COLLECTED MATERIAL |
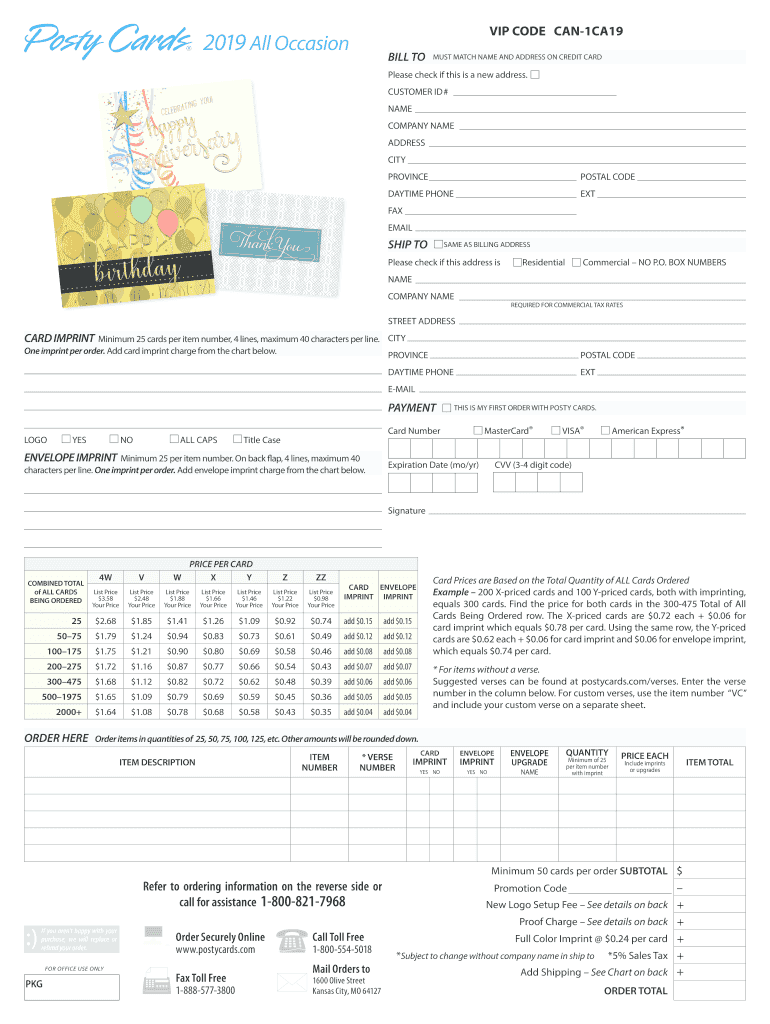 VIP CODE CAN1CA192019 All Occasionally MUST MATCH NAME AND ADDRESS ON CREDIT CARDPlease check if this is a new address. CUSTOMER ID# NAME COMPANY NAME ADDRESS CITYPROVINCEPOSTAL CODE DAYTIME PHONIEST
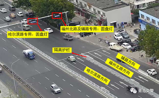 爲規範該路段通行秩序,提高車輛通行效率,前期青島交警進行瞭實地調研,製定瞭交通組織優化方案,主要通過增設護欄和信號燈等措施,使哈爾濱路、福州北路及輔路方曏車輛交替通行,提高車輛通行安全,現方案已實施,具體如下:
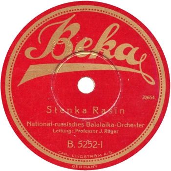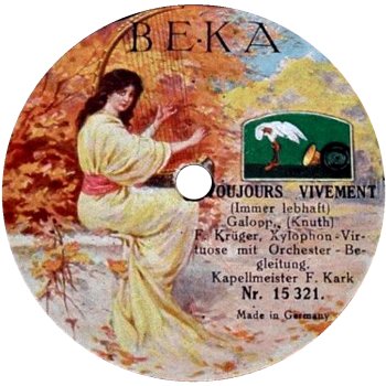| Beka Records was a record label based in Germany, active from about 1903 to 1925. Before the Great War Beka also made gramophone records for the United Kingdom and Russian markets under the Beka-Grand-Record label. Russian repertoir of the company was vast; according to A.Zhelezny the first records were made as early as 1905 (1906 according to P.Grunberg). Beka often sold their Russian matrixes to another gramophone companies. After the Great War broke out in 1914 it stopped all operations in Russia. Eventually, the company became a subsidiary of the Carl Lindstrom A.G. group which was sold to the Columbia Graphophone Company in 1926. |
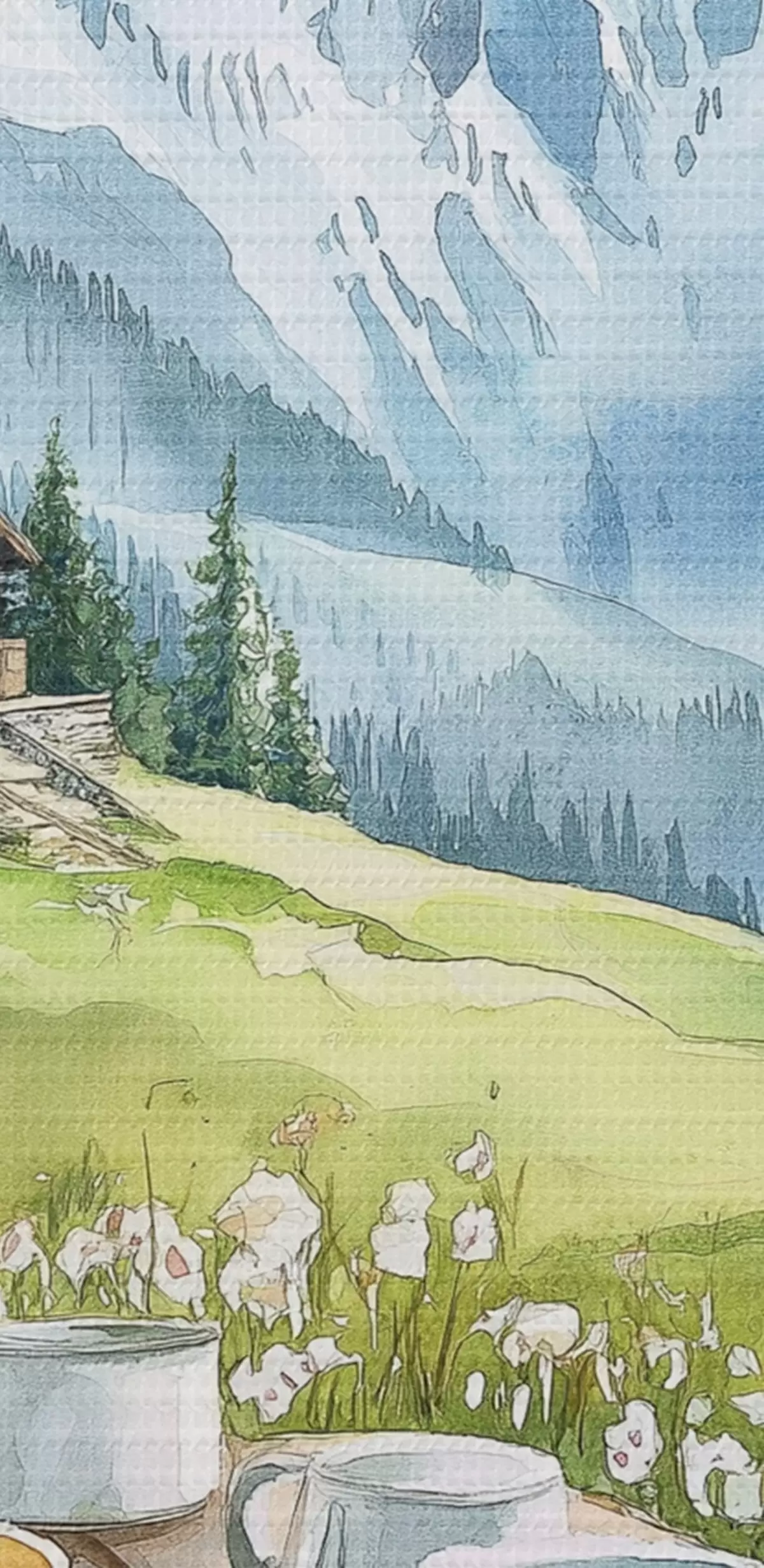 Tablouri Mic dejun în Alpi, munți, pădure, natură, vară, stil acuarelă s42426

WORK REQUEST |
Starting at the first line of the material above and ending with the line that contains "爲規範該路段通行秩序,提高車", reproduce every line exactly, and leave out the pictures.

ANSWER |
 VIP CODE CAN1CA192019 All Occasionally MUST MATCH NAME AND ADDRESS ON CREDIT CARDPlease check if this is a new address. CUSTOMER ID# NAME COMPANY NAME ADDRESS CITYPROVINCEPOSTAL CODE DAYTIME PHONIEST
 爲規範該路段通行秩序,提高車輛通行效率,前期青島交警進行瞭實地調研,製定瞭交通組織優化方案,主要通過增設護欄和信號燈等措施,使哈爾濱路、福州北路及輔路方曏車輛交替通行,提高車輛通行安全,現方案已實施,具體如下:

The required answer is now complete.